For God’s Sake!

BY DR. KENNY CAMACHO / SERMON DELIVERED 7 JANUARY 2024 FOR REVOLUTION CHURCH

This Sunday, we’re introducing our theme for 2024, which is Together on Purpose. In a nutshell, our goal this year is to explore the many ways we might approach and answer the central question of our faith, which is why? Why are we here? Why do we gather? Why is a body like this one–why is a church–meant to be so important in our lives? Why are churches–like Revolution, or our friends at Heritage and College Creek, or the Catholic congregation downtown at St. Mary’s, or our Pentecostal brothers and sisters throughout the city–here in Annapolis in the first place? What is God really up to? Is this really it? 

The Preaching Team and I are tackling these questions this year because one of the strengths of Revolution, especially over these last two years, is that many of us have found a community here where we delight in being together. But are we together on purpose? Is there a point to all of this? Is there a mission? Surely, we believe there should be! But can we always see it? 

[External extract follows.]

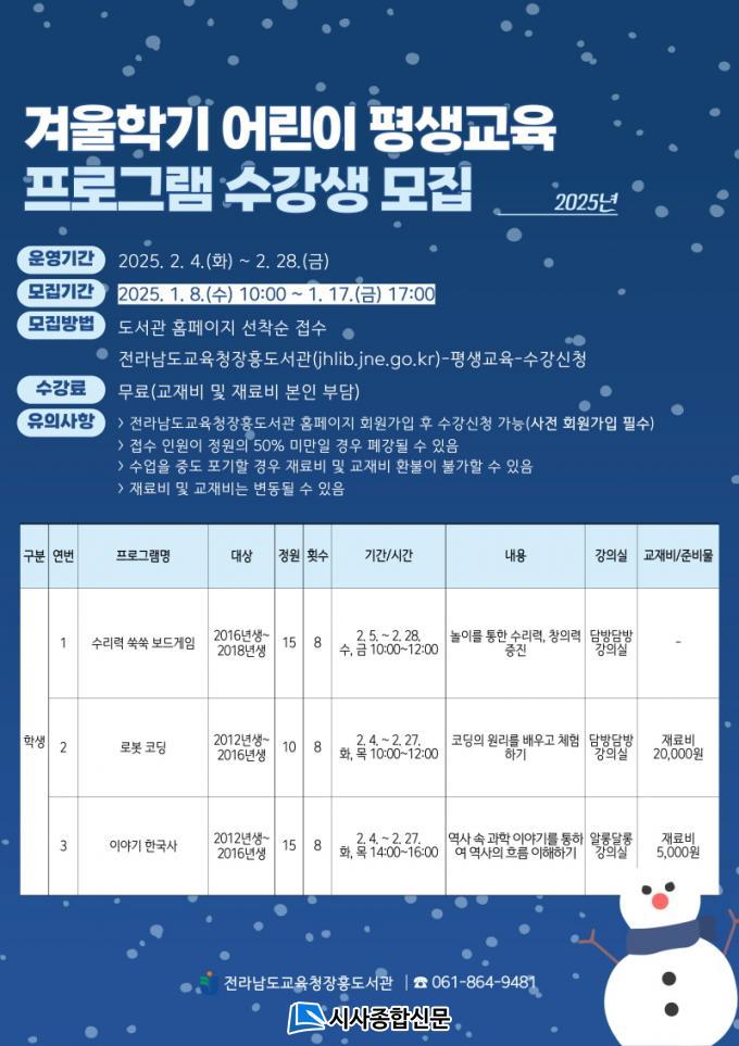 [½Ã»çÁ¾ÇսŹ® = ¿À½ÂÅà ±âÀÚ] ÀåÈïµµ¼°ü(°üÀå ÀÌ¿µÈ)Àº °Ü¿ï¹æÇÐÀ» ¸Â¾Æ ´Ù¾çÇÑ ±³À° ±âȸ¸¦ Á¦°øÇϰíÀÚ ¿À´Â 2¿ù 4ÀÏ(È)ºÎÅÍ °Ü¿ïÇб⠾ÀÌ Æò»ý±³À° ÇÁ·Î±×·¥À» ¿î¿µÇÑ´Ù.

We just came through the Christmas season, and one of the great sadnesses right now in my family’s life (at least for me) is that my kids seem to have finally outgrown Lego. This Christmas yielded the fewest number of Lego kits in our house in more than a decade. Evangeline got a couple… but they’re the “grown-up kind,” like the realistic flower and art sets. They’re not Star Wars spaceships or cool dragons and castles anymore. And worst of all, she builds them all herself. For so long, I got to be the builder on Christmas afternoons… but those days have passed. 

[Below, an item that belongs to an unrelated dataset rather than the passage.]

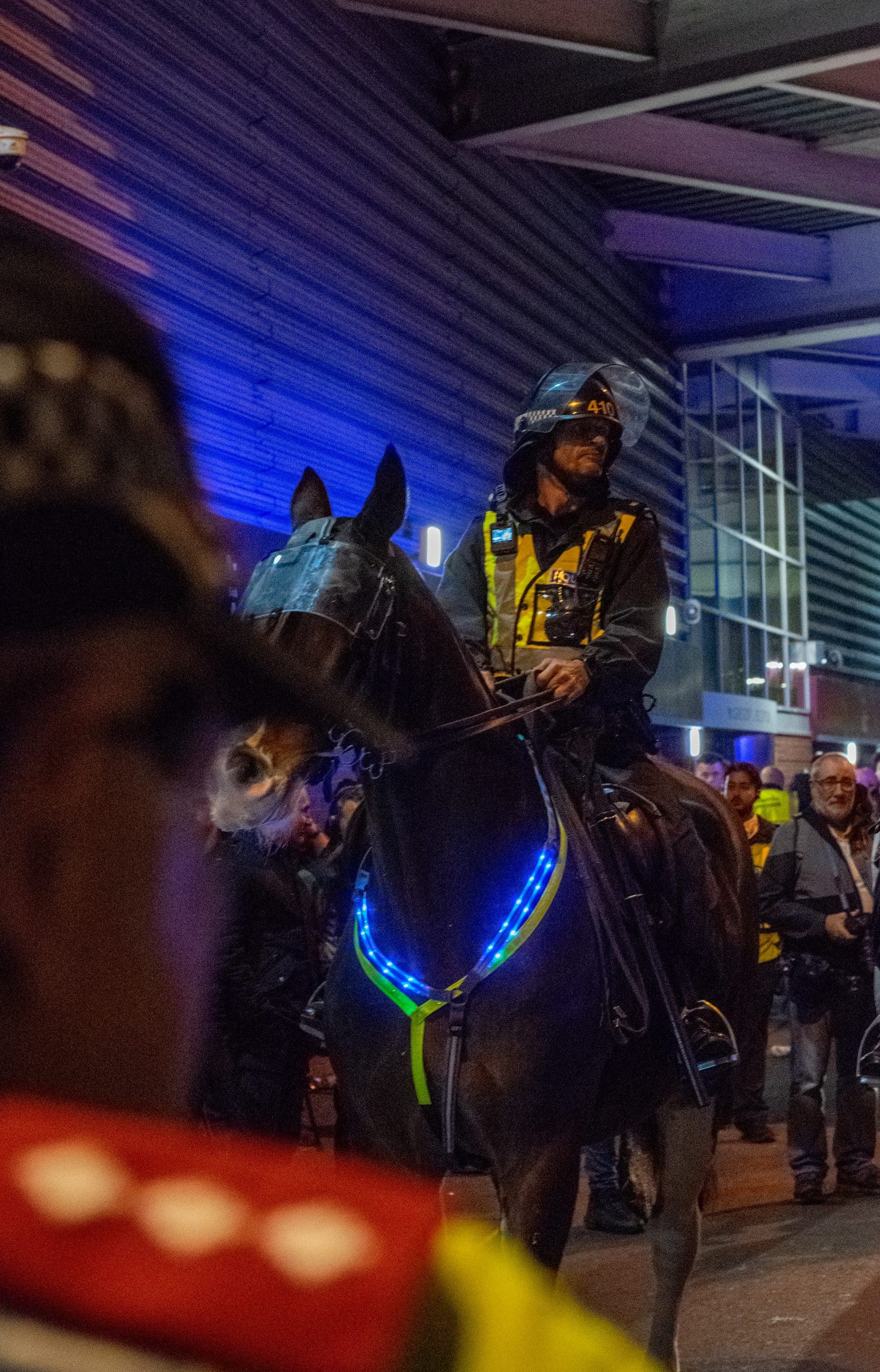 I hang around until full time to see what happens – I’m really interested in how the police plan on stopping the two groups mingling as they make their way towards the station. As the fans start to leave, one comes out, masked, hooded, and makes a beeline for something with intent.

I was thinking about this because, as my kids’ interests have changed, there are fewer and fewer things they want because they have a plan to play with them. Once upon a time, a new Lego set was something they built (or I built!) so they could have a gateway to an adventure. But the ones they build now are really just there for them to look at. This isn’t bad, necessarily… but it’s also not the same. Here’s where I’m going with this: every Lego kit requires assembly. You open the bags and put all those pieces together so you can make something bigger, something more impressive, than just a pile of bricks. But, once they’re together, do they have a purpose

There’s a metaphor here, right? We’re all the Lego pieces, and the church is the Lego set. God is the builder putting us all together, often in ways we don’t quite understand, for a purpose all his own. But what is that purpose? We’re going to spend much of this year looking at what we gain, and what the world gains, from what God has built! But here in week one, we want to start with God: what is he doing this for? How can we know? 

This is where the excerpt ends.